In linear regression with fixed \(x\), the least square estimator and maximum likelihood estimator are equivalent. Therefore it is very easy to derive the loglikelihood of a given linear regression model from its least square estimation.
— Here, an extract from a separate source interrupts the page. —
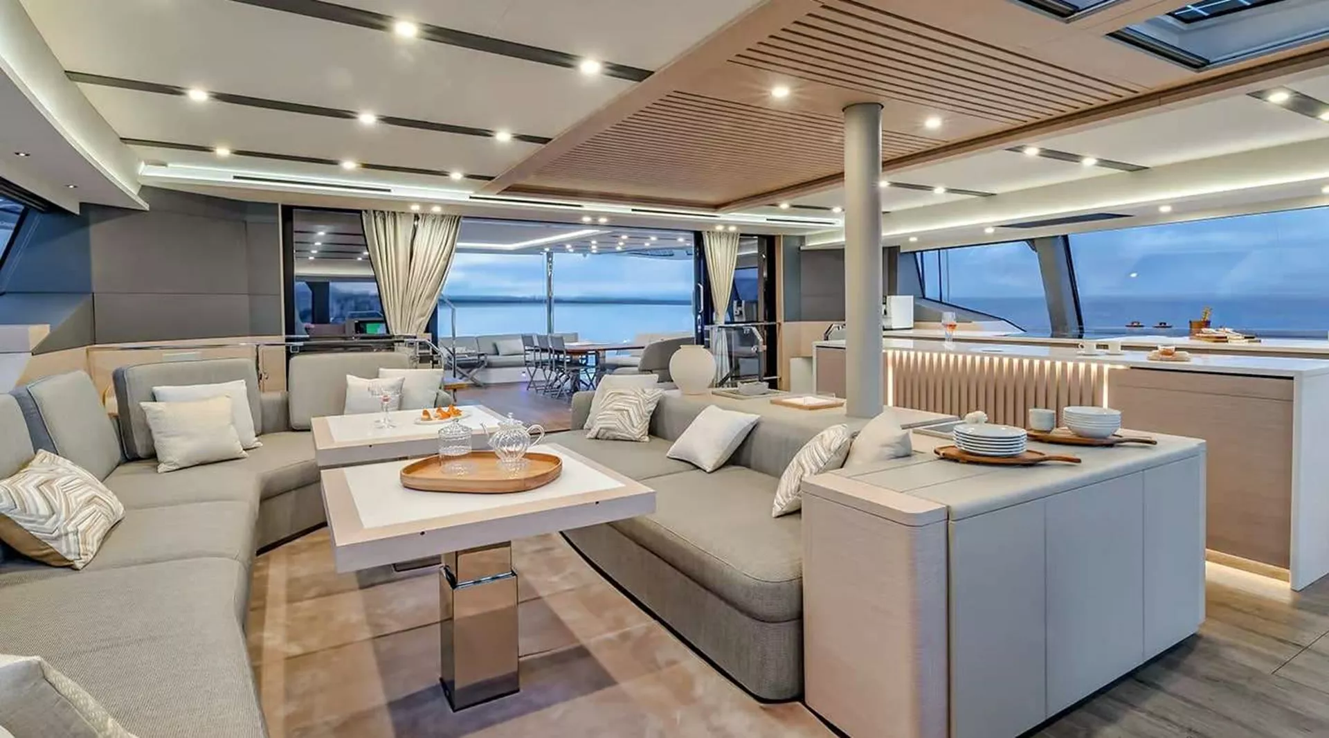 The Thíra 80’s social and leisure areas are nothing short of breathtaking. The revolutionary addition of two side deck lounges with retractable balconies transforms the yachting experience, offering guests the sensation of sailing on a private cruise ship. These balconies create a seamless connection to the sea, inviting natural light and ocean breezes into the living spaces, and providing unparalleled views of the surrounding seascape. It’s a design touch that evokes the glamour and sophistication of a superyacht, while maintaining the intimacy and exclusivity of a private catamaran.

Assume we have \[y_i=\beta_0+\beta_1x_{1i}+\epsilon_i\]

\[\begin{align*} L&=\prod_{i=1}^n \frac{1}{\sqrt{2\pi\sigma^2}}\exp-\frac{(y_i-\beta_0-\beta_1x_i)^2}{2\sigma^2}\\ \ell&=\sum_{i=1}^{n}-\frac{1}{2}\log(2\pi\sigma^2)-\frac{1}{2\sigma^2}\sum_{i=1}^n(e_i^2)\\ &=-\frac{n}{2}\log(2\pi)-\frac{n}{2}\log(\sigma^2)-\frac{1}{2\sigma^2}\sum_{i=1}^n(e_i^2). \end{align*}\]

The least square estimator and the normal maximum likelihood estimator of \(\sigma^2\) is \[\hat{\sigma}^2=s^2=\frac{1}{n-2}\sum_{i=1}^n(e_i^2),\]

thus we have \[\begin{align*} \ell&=-\frac{n}{2}\log(2\pi)-\frac{n}{2}\log(\frac{1}{n-2})-\frac{n}{2}\log\left(\sum_{i=1}^n(e_i^2)\right)-\frac{n-2}{2}\\ &=-\frac{n}{2}\log(2\pi)+\frac{n}{2}\log(n-2)-\frac{n}{2}\log\left(\sum_{i=1}^n(e_i^2)\right)-\frac{n}{2}+1\\ &=-\frac{n}{2}\left[\log(2\pi)-\log(n-2)+\log\left(\sum_{i=1}^n(e_i^2)\right)+1-\frac{2}{n}\right] \end{align*}\]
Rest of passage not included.